### TRY IT:
Below are lines of records; copy exactly those from the one containing "When the driver" through the one containing "DNAclub, компания по", leaving the pictures behind.

### THE RECORDS:

◆ ◆ ◆ ◆ ◆

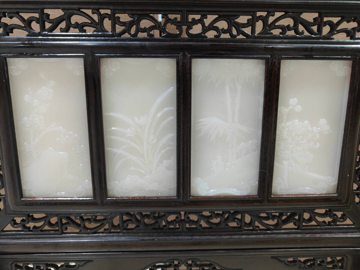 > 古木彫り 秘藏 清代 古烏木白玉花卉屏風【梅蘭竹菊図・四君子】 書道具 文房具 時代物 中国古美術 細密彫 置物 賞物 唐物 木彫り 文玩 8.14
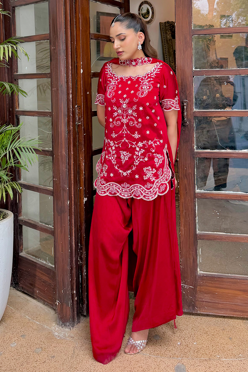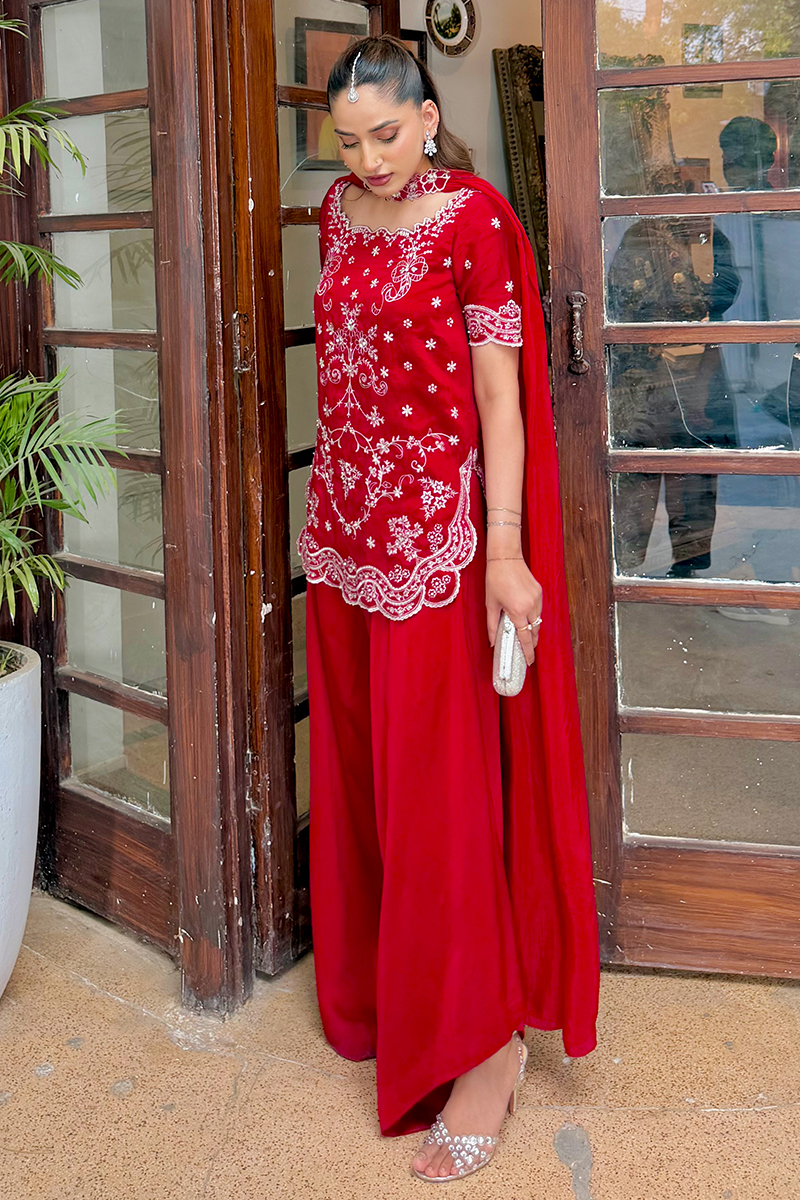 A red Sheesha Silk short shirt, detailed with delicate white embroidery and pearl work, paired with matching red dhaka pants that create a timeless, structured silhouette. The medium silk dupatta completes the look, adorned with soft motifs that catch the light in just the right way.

◆ ◆ ◆ ◆ ◆

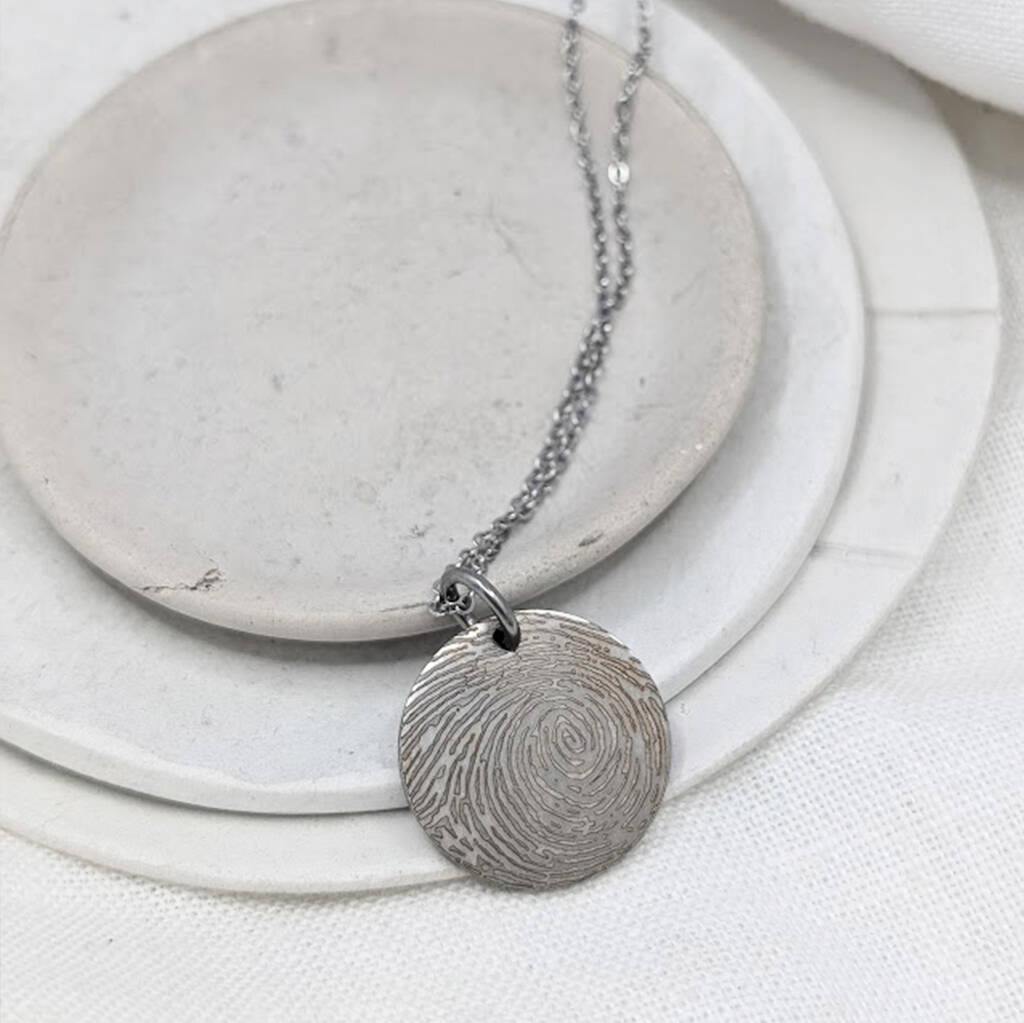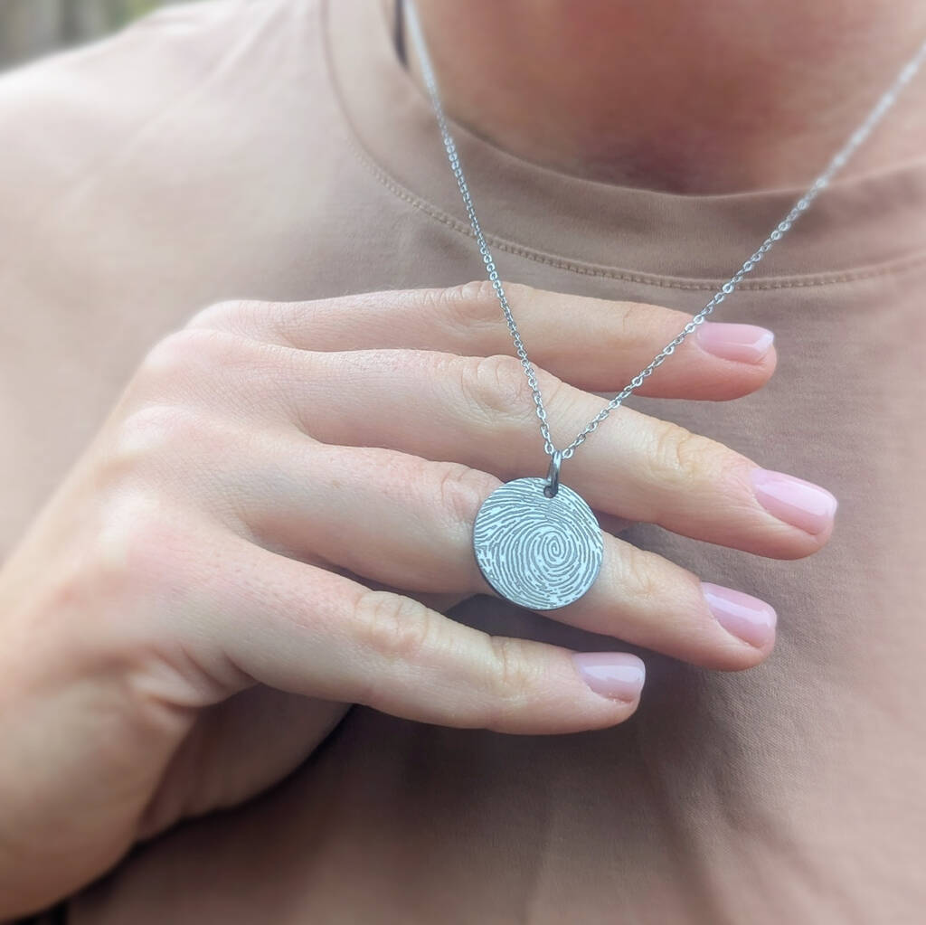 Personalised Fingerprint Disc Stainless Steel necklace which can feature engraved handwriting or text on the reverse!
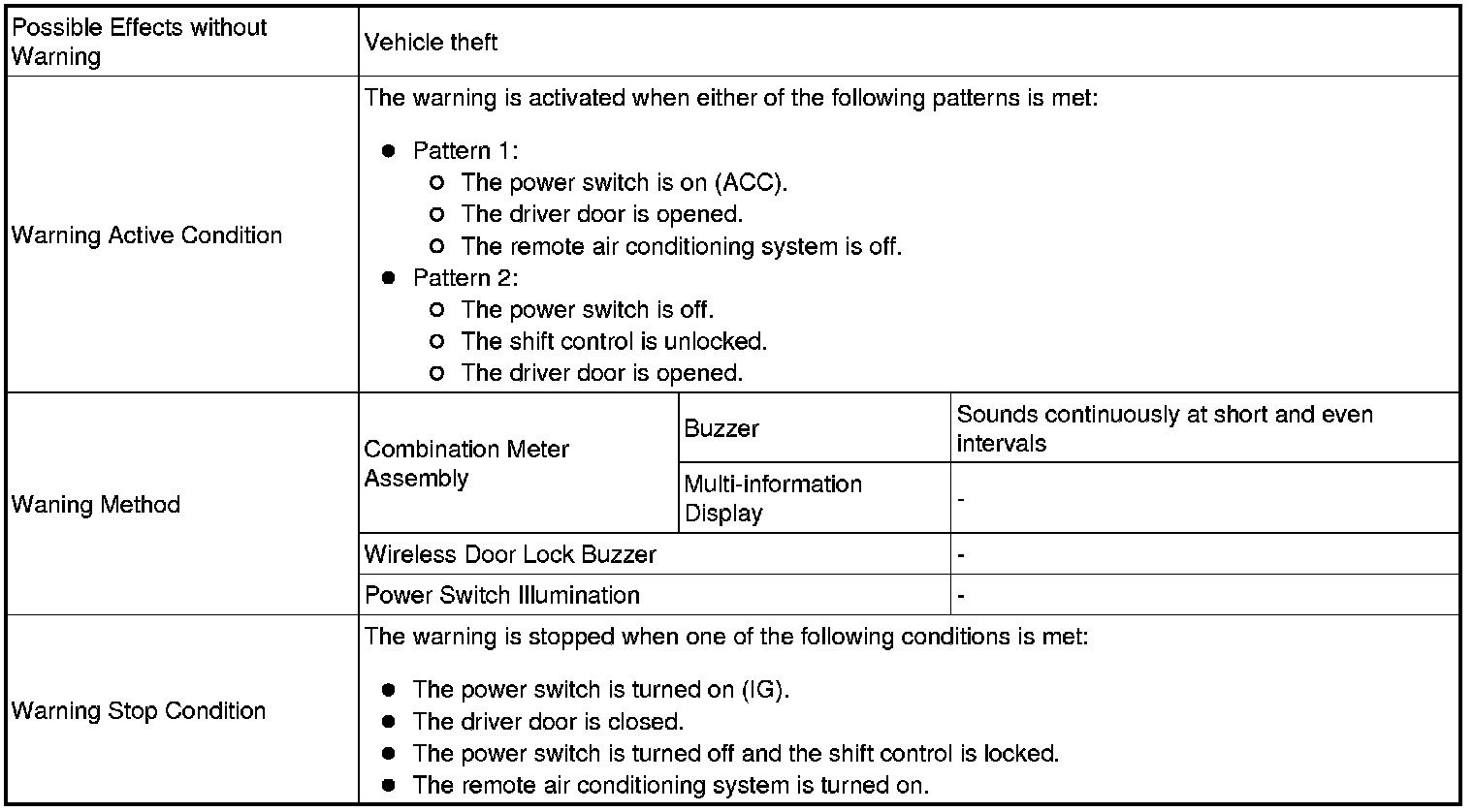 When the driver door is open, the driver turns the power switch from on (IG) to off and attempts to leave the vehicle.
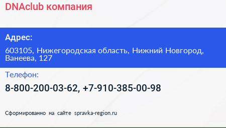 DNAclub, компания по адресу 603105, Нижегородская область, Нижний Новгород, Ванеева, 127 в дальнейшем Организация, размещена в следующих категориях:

◆ ◆ ◆ ◆ ◆

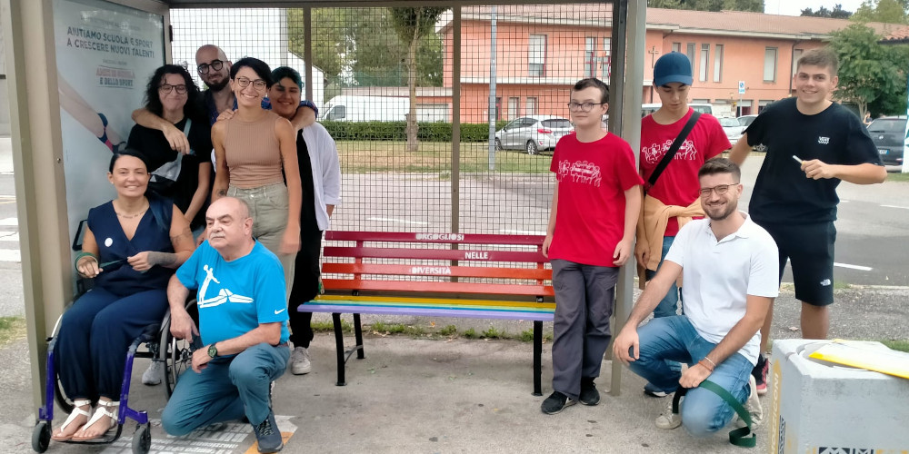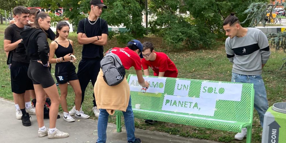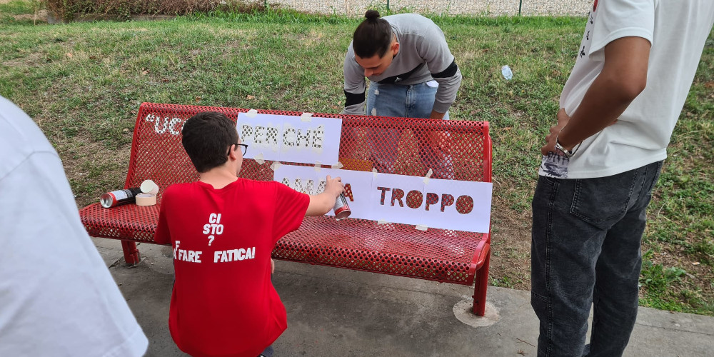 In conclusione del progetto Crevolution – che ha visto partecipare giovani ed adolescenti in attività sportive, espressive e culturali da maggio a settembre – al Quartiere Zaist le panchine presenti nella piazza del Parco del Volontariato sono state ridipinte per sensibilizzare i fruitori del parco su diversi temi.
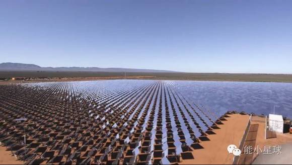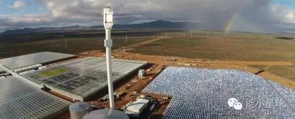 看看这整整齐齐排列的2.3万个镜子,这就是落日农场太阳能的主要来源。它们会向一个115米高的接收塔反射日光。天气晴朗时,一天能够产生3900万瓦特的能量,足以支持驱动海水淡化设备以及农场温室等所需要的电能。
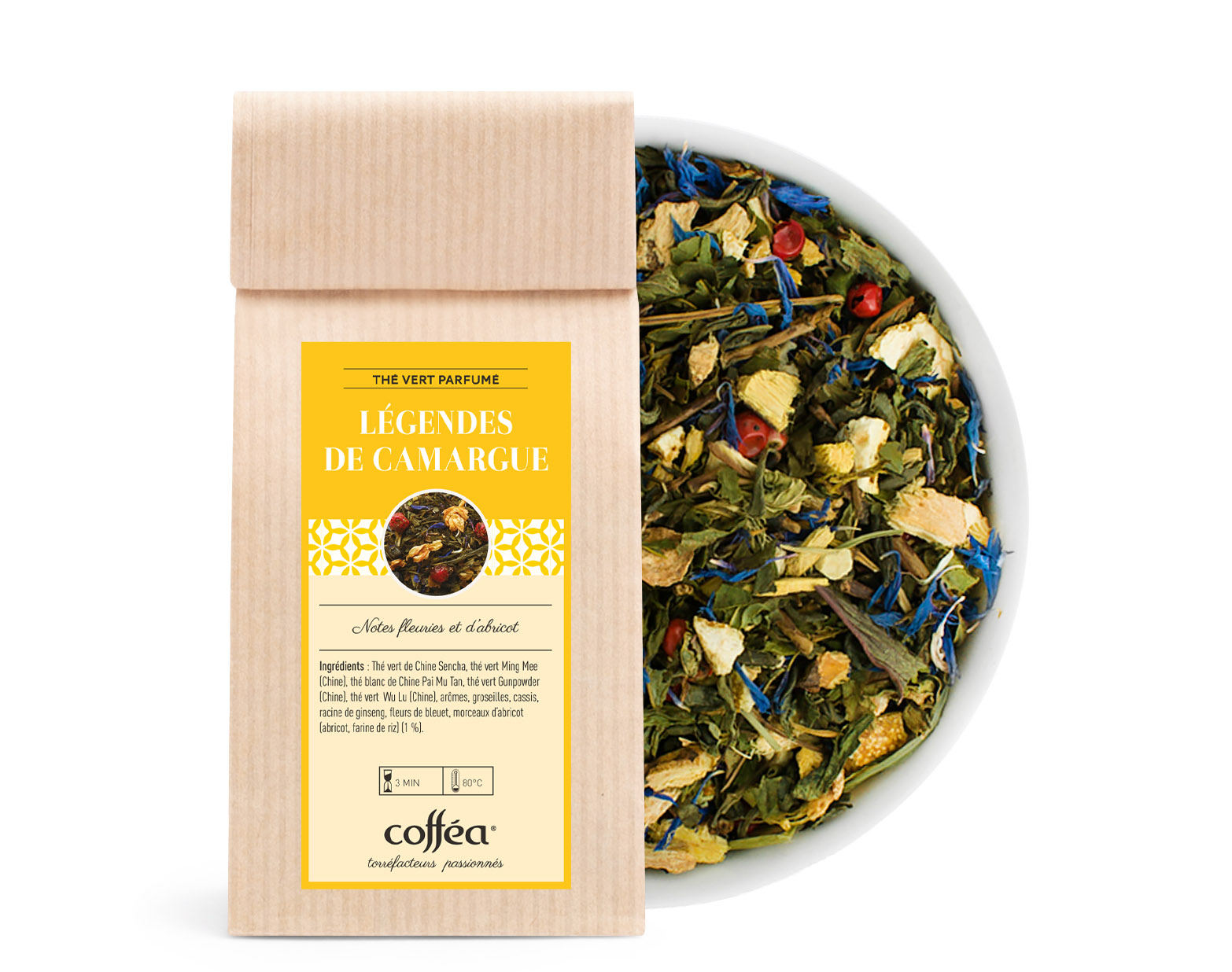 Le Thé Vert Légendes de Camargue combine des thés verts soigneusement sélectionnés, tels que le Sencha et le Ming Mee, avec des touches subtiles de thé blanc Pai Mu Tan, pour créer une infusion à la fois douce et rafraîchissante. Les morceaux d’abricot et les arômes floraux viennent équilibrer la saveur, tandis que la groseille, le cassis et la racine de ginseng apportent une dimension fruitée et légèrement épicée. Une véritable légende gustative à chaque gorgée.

◆ ◆ ◆ ◆ ◆

### RESPONSE AREA:
 When the driver door is open, the driver turns the power switch from on (IG) to off and attempts to leave the vehicle.
 DNAclub, компания по адресу 603105, Нижегородская область, Нижний Новгород, Ванеева, 127 в дальнейшем Организация, размещена в следующих категориях:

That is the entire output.